Exercise details: Take the line containing "Як повідомляв Житомир.info, у" and each line after it through the end of the data below, and return them exactly, minus any pictures.

Data supplied:
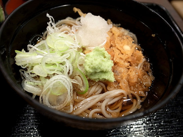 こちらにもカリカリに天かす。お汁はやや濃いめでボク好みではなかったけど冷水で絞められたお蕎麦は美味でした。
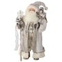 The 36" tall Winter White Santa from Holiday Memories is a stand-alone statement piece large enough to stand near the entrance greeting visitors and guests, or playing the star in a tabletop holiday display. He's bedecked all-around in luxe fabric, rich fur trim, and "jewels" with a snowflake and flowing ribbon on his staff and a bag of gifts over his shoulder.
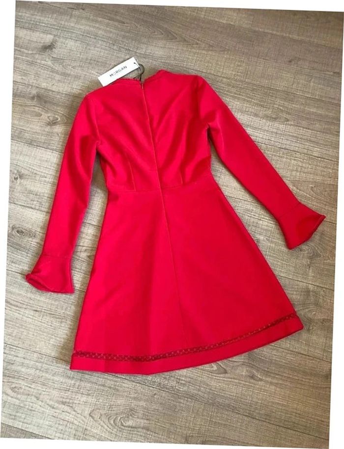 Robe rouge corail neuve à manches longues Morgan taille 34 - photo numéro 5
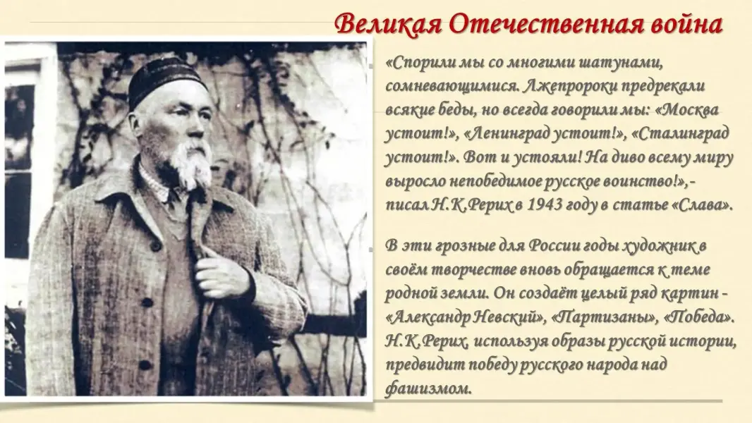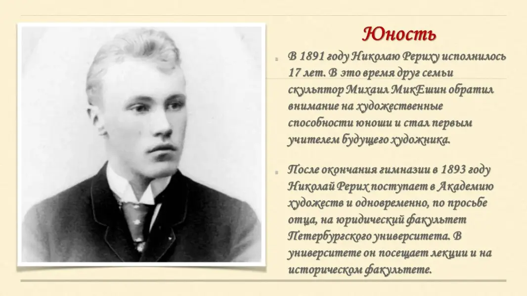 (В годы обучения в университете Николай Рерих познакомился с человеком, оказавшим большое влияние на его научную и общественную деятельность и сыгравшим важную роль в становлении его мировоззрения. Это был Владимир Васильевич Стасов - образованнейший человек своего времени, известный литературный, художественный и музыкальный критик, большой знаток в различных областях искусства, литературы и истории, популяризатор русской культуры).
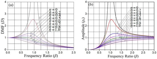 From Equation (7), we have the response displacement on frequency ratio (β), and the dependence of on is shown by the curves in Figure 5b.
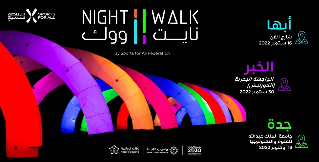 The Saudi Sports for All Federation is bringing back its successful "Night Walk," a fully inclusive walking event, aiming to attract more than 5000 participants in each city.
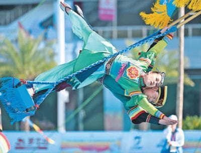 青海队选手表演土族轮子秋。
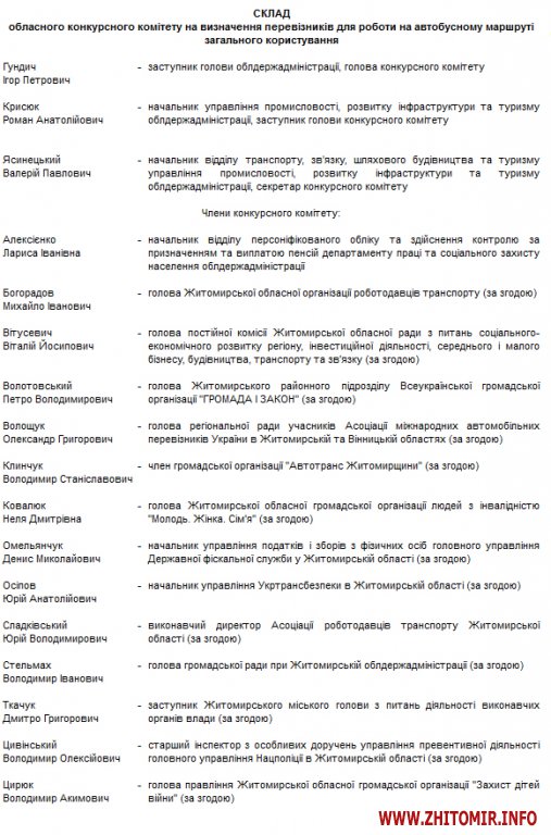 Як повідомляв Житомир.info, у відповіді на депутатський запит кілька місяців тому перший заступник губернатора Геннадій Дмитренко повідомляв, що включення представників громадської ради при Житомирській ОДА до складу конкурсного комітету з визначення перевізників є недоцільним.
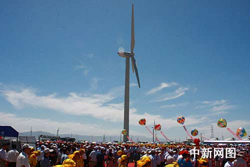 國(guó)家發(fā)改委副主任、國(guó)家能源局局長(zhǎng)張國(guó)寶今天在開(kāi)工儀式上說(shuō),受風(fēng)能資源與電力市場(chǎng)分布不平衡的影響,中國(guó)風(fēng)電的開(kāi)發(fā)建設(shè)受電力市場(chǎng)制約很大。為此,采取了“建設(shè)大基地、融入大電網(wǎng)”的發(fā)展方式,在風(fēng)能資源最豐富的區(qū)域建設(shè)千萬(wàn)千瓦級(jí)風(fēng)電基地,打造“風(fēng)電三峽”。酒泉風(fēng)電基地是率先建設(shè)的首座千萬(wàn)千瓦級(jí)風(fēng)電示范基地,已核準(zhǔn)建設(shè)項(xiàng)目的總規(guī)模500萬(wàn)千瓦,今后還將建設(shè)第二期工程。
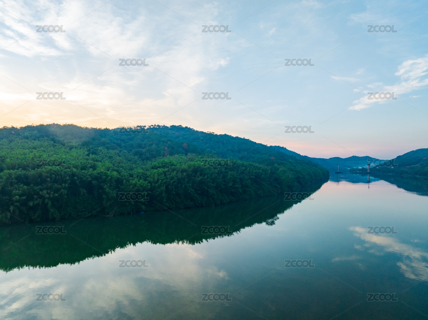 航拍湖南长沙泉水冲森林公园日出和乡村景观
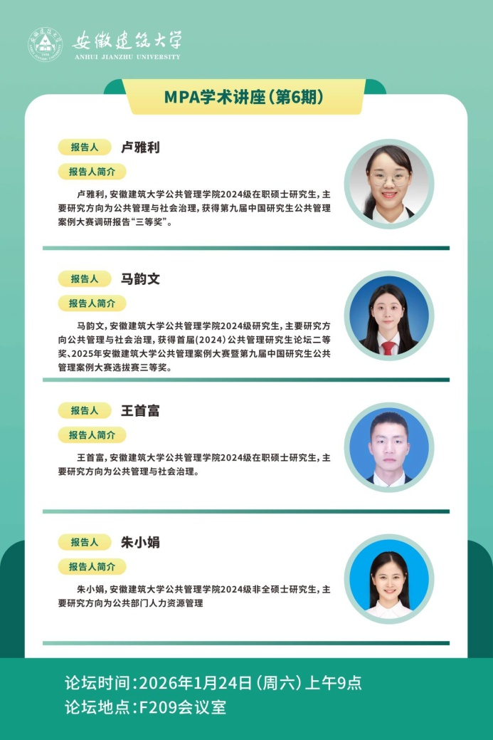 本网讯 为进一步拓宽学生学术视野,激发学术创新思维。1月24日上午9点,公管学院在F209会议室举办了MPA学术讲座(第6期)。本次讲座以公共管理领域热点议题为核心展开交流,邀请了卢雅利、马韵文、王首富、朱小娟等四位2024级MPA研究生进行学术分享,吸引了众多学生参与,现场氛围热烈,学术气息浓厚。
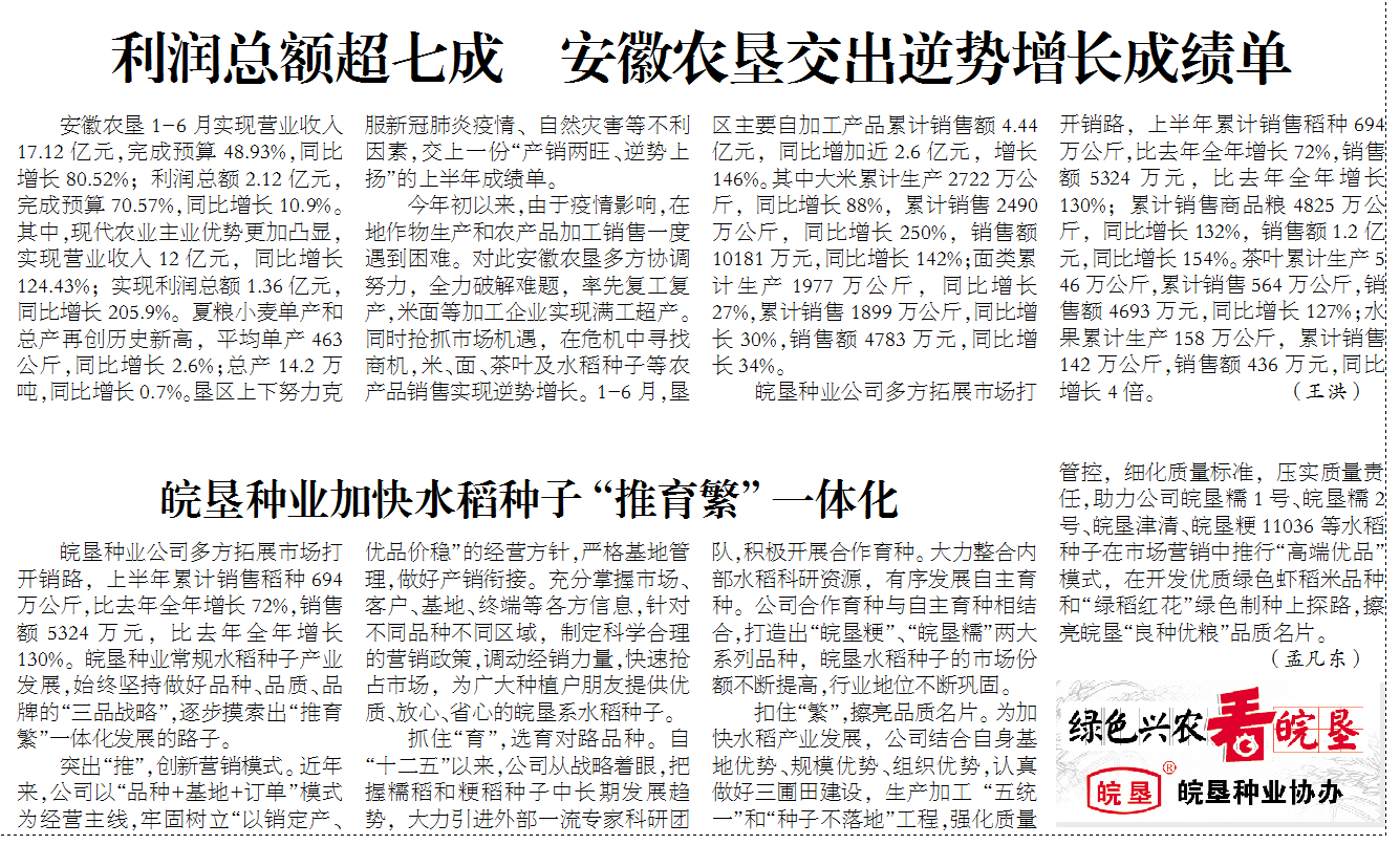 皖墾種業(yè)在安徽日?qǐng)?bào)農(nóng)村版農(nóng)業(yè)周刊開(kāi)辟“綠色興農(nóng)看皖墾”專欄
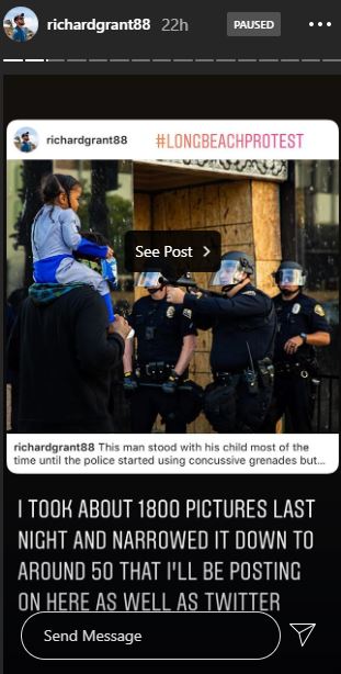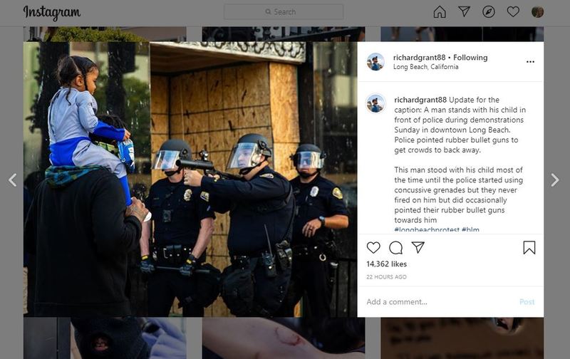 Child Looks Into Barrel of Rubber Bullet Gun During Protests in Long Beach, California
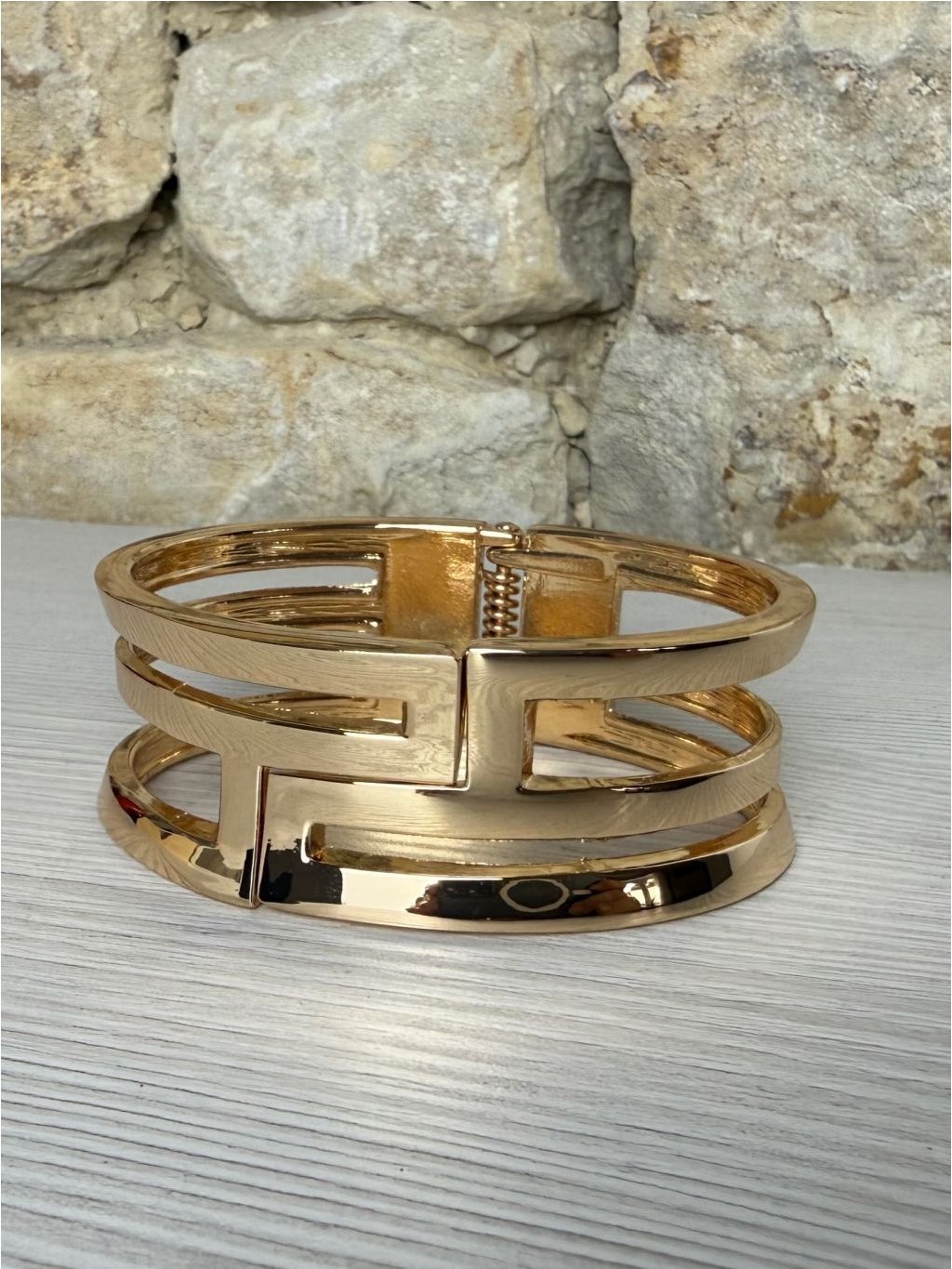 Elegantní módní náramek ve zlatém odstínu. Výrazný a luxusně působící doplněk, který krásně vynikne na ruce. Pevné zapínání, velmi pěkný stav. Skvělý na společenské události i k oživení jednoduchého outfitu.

Task result:
 Як повідомляв Житомир.info, у відповіді на депутатський запит кілька місяців тому перший заступник губернатора Геннадій Дмитренко повідомляв, що включення представників громадської ради при Житомирській ОДА до складу конкурсного комітету з визначення перевізників є недоцільним.
 國(guó)家發(fā)改委副主任、國(guó)家能源局局長(zhǎng)張國(guó)寶今天在開(kāi)工儀式上說(shuō),受風(fēng)能資源與電力市場(chǎng)分布不平衡的影響,中國(guó)風(fēng)電的開(kāi)發(fā)建設(shè)受電力市場(chǎng)制約很大。為此,采取了“建設(shè)大基地、融入大電網(wǎng)”的發(fā)展方式,在風(fēng)能資源最豐富的區(qū)域建設(shè)千萬(wàn)千瓦級(jí)風(fēng)電基地,打造“風(fēng)電三峽”。酒泉風(fēng)電基地是率先建設(shè)的首座千萬(wàn)千瓦級(jí)風(fēng)電示范基地,已核準(zhǔn)建設(shè)項(xiàng)目的總規(guī)模500萬(wàn)千瓦,今后還將建設(shè)第二期工程。
 航拍湖南长沙泉水冲森林公园日出和乡村景观
 本网讯 为进一步拓宽学生学术视野,激发学术创新思维。1月24日上午9点,公管学院在F209会议室举办了MPA学术讲座(第6期)。本次讲座以公共管理领域热点议题为核心展开交流,邀请了卢雅利、马韵文、王首富、朱小娟等四位2024级MPA研究生进行学术分享,吸引了众多学生参与,现场氛围热烈,学术气息浓厚。
 皖墾種業(yè)在安徽日?qǐng)?bào)農(nóng)村版農(nóng)業(yè)周刊開(kāi)辟“綠色興農(nóng)看皖墾”專欄
 Child Looks Into Barrel of Rubber Bullet Gun During Protests in Long Beach, California
 Elegantní módní náramek ve zlatém odstínu. Výrazný a luxusně působící doplněk, který krásně vynikne na ruce. Pevné zapínání, velmi pěkný stav. Skvělý na společenské události i k oživení jednoduchého outfitu.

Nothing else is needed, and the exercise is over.